In the absence of a mass left wing labour/socialist/social democratic party US socialist blogs on the web oscillate from proposing either critical support or positive opposition for Obama.  A comparison can be made to the choice faced by many socialists in Scotland in the last election.  With no socialist party standing in the first ballot many voted for the SNP to oust the Lib Lab coalition from power and take Scotland a step further to independence. In this regard I feel if I were an American citizen critical support would be the preferred option as there are still many good policies in Obama’s Blueprint for Change; policies which could genuinely improve the lives of many Americans if followed through.

Obama has clearly galvanized many who have never been adequately represented before and it is the duty of socialists in the US and internationally to engage with these supporters and demonstrate to them the need for a serious alternative. As Martin Luther King said in a speech to his staff in 1966:

“You can't talk about ending the slums without first saying profit must be taken out of slums. You're really tampering and getting on dangerous ground because you are messing with folk then. You are messing with captains of industry... Now this means that we are treading in difficult water, because it really means that we are saying that something is wrong... with capitalism... There must be a better distribution of wealth and maybe America must move toward a democratic socialism."

Obama is caught in a bind.

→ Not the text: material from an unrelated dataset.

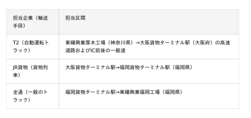 今回、「モーダルコンビネーション」の実証として初めて「往復」の区間を設定し、往路は、東罐興業の厚木工場(神奈川県)から大阪府までをT2の自動運転トラックで幹線輸送し、大阪府から福岡県までをJR貨物の貨物列車で輸送します。復路は、福岡県から大阪府までを貨物列車で輸送し、大阪府から東罐ロジテックの北関東営業所(埼玉県)までを自動運転トラックで輸送します。全通は、貨物駅と顧客の拠点間の集貨・配達を担当します。

On the one hand he wants to appease his big business backers and on the other offer the hope of change to the people who so desperately need it.  In comparison to what has gone before there is cause for cautious optimism, but Obama is a team player, a unifier, and in his wish to reach out to both ‘red’ and ‘blue’ America he may make tragic compromises - and find his own distinctive colours become just another shade of corporate grey.